Since 1886 in Astoria there have been Finnish fraternal lodges – Kaleva fraternal lodge (Finn) is still active. The Order of Runeberg Lodge (Swede/Finn) functioned from 1921-81. In Coos Bay, the Order of Runeberg Lodge established in 1921 still meets. The name Runeberg is in honor of the poet, teacher, statesman Karl Ludvig Runeberg. Kaleva is a reference to the Finnish epic poem Kalevala, one of the only European creation legends to survive Christianity. 

Almost all agrarian and working-class immigrant Finns could read and write because the Lutheran Church required literacy for confirmation.

Workers with Finnish ancestry like T-Bone Slim, Santeri Nuorteva, and John Viita had a disproportionately strong influence organizing workers for safety and fair wages in the early Oregon timber industry. They were known for their fearless dedication (sisu*) to the union cause, especially within IWW. The worker’s newspaper Toveri (Daily Comrade) was published in Astoria until 1930.
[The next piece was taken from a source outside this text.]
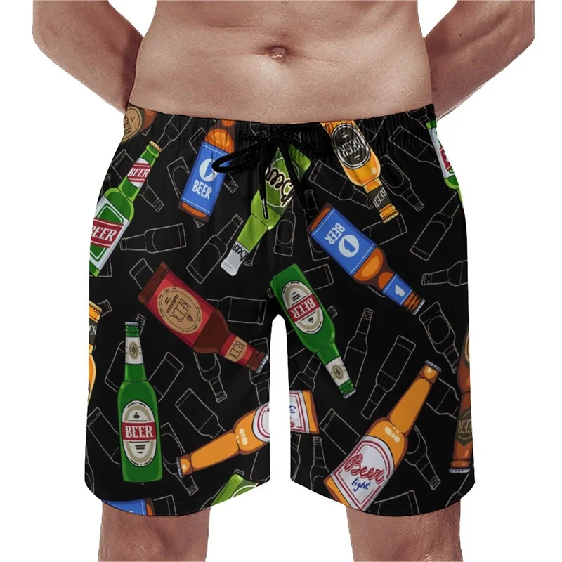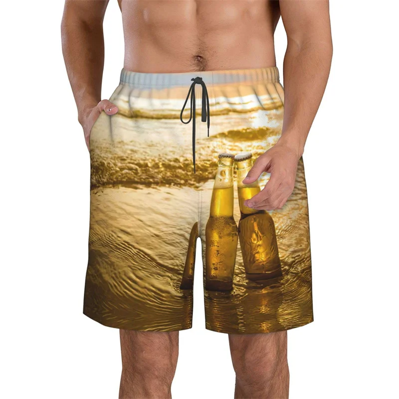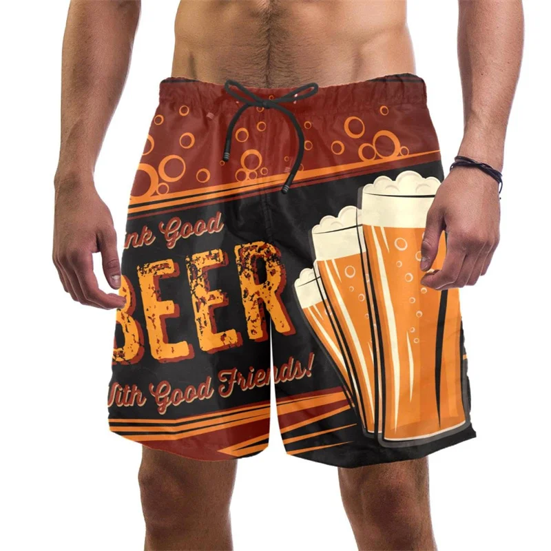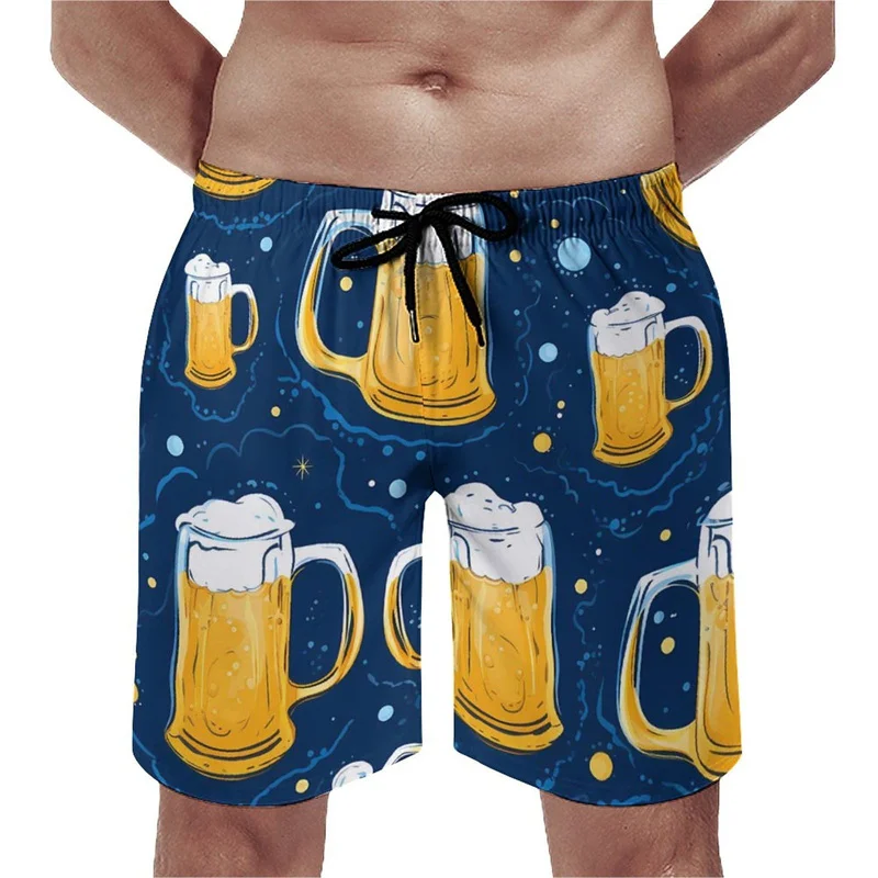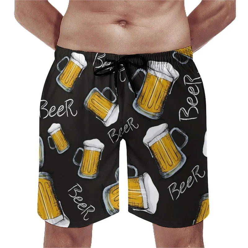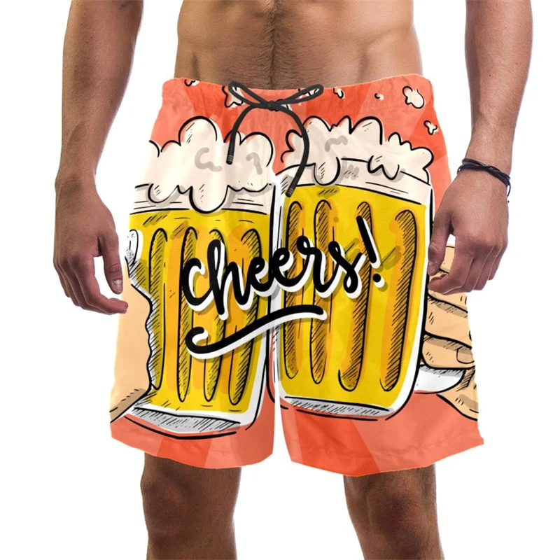 Beer Pattern Beach Shorts For Men Hawaiian Summer Holiday Casual Shorts Street 3d Printed Beer Festival Surfing Board Shorts

Suomi (Finland), bordering the eastern shore of the Baltic Sea, might have been first settled about 9,000 years ago as the glaciers melted, leaving a relatively flat swamp- and lake-covered region where boreal forests dominated the landscape.

The native Finns lived fairly isolated from Europe and Scandinavia, living from hunting, gathering, and slash/burn agriculture until the Great Northern Crusades began in about 1200 – the time when conversion to Christianity by the sword began and eventually domination by the Swedish Crown.

Swedish became the administrative language for hundreds of years although it was the first language of only about 25% of the population. As a result of the Great Northern Wars, Finland became The Grand Duchy of Finland in 1809, a part of the Russian Empire. As a result of the Russian Revolution in 1917 Finland declared independence from Russia. 

There was hope among many working-class Finns for a more democratic and egalitarian state but pushback from the employing and propertied classes – with help from Germany – resulted in a bloody civil war and preservation of the old establishment order. In 1939 Russia attacked Finland but the Finnish people – outnumbered and under-equipped – used their stoic determination and hardiness (sisu*) to fight Russia to a stalemate. In the small Nedervetil parish church where many of my ancestors are buried, there is a large cemetery section with the graves of too many lost fighting in the Winter War and Continuation War.

My father’s Norwegian cousin Axel died defending Finland from Russia not far from Nedervetil. The economy was primarily agrarian and natural resource extractive until the 1950s; since then Finland has excelled in aviation, electronics, precision machinery, design, and more.

In the world of sports, Finland has provided some of the finest winter and summer athletes in the world such as Eero Antero Mäntyranta, Paavo Nurmi, Hannes Kolehmainen and many others. We will have the opportunity to observe sisu in action and help world champions succeed this summer, so fire up the saunas, cook up the mutti* and be helpful.

* Sisu is stoic, fearless dedication and hardiness.

* Mutti is cooked barley flour served like porridge or fried in butter.

Ed Gunderson is a longtime Creswell resident. He wrote this for The Chronicle.